The Emergent Continent: Part 2 of 4
The Emergent Continent: Part 2 of 4
Changing the Story: The Cheetah Generation
The narrative of Africa described in part one of this series is changing in many ways, especially on two major interconnected planes with regard to the denial of innovation and the charity mentality: 1) the emergence of African economies at the state level; and 2) the growth in human capital, innovation, and entrepreneurship at the local level.
As a reflection of Africa’s global emergence in the Modern Era, China, India, Iran, Turkey, Korea, and Brazil have all demonstrated interest in establishing ties with African states as serious trading partners, sometimes explicitly pointing out the failure of Western countries to adequately do the same. In June, the BRICS countries welcomed plans for the creation of a free trade area that would merge three African economic communities into a single market with an estimated value of $1 trillion by 2013. Jonathan Glennie writes that real growth in Sub-Saharan Africa is expected to rise from 5% in 2010 to 5.7% in 2011.
Despite the challenges of having inherited harmful colonial legacies that discouraged and denied the growth of human capital and entrepreneurship, Africa has always had innovators; this is now more evident than ever to the rest of the world. All across the continent people of all stripes are making international headlines for innovations in all kinds of areas— social policy, emergency response, education, health, business, technology, and so on.
Marieme Jamme writes on Poverty Matters: “This new generation of makers, doers, inventors, venture capitalists, bloggers, policymakers – the ‘Cheetah Generation’ as the Ghanaian economist George Ayittey has called them – are the hungry grassroots who have been let down by their governments. All they want to do is reshape the continent.”
The Africa Gathering London conference this year centered on the topic “Social Media Revolutionizing Africa: How is new media changing Africa, giving voices to the voiceless, improving governance and transparency, and changing narratives?” Linda Raftree notes in her summary of the conference that “Social media gives African youth an uncensored worldwide platform, letting them feel included in shaping Africa’s image.” She says that policy cyber-forums like The Guardian’s Global Development site and Poverty Matters blog are attempting to dispel the myth of Africa as a black hole of poverty through informed discussion and debate.
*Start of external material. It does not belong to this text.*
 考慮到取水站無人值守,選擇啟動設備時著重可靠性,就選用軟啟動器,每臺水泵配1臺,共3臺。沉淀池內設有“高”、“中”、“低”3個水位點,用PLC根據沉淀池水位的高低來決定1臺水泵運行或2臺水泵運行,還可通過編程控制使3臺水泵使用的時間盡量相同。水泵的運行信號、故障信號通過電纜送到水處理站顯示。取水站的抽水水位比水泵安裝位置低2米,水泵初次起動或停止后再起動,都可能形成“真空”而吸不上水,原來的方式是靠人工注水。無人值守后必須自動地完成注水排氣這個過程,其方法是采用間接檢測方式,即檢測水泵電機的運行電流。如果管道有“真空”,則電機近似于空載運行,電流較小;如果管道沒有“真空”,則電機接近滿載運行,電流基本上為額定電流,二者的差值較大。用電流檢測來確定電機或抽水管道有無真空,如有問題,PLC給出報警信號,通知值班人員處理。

The narrative of Africa as the Dark Continent is finally being dismantled, mostly by Africans themselves, and to an extent the “development” and “modernization” frameworks are being questioned even in the West. These themes of bringing African voices and actions to the foreground to transform the traditional narrative of the continent span from the local to the national, regional, and international.
At the UN Conference on Least Developed Countries in Istanbul earlier this year, the focal point was that LDCs do not need charity, they need more and smarter investment. The conference stressed the need for the international development community to change its approach, and for wealthy countries to transform the way they think about and treat LDCs. Not only do developed country subsidies and tariffs hurt LDC economies, but the charity mentality that spurs a perceived need to flood LDC economies with food aid has also been extremely harmful. The head of the World Bank agreed, and the Nepali Prime Minister said, “The voice and representation of LDCs should be ensured in all international forums.”
Echoing the UN Conference, Raftree reports that a recurring theme at the Africa Gathering conference was the sentiment that decisions on African development shouldn’t be made in developed countries for Africans; “Develop things with Africans, or support Africans to develop things themselves.” The title of a recent opinion piece by Nigerian author Kunle Oguneye put it this way: “Why are all these white folks deciding what Africa needs?”
The need for voice and representation is clear, and increasingly both social and traditional media have been making them more easily heard. Yet one comment at the Africa Gathering pointed out that NGOs have been stressing this, at least rhetorically, for years. So what is the solution? What will it take for international development policy in the West to catch up with the Africa of the 21st century?
The Guardian’s venues for discussing these issues are open to new ways of thinking, inviting contributors to broaden the discussion. Raftree writes in an aside: “I like the Guardian’s site very much as it is one of the few media sources that discusses and seems to really promote and engage in the ‘#smartaid/@smart_aid’ discussion.”
The next part of this series will explore how the Smart Aid camp has intervened to question the conventional wisdom on development and how it could revolutionize the way we think about “aid.” In doing so, it will demonstrate how Smart Aid’s approach is much more amenable to fostering entrepreneurship, investment, and growth.
 The Modern Era, though its point of definition is the 16th century and the changes that swept Europe at the time, is primarily a chronological reference to the period of time spanning the 16th century to the present.
 The Southern African Development Community, the East African Community, and the Common Market for Eastern and Southern Africa.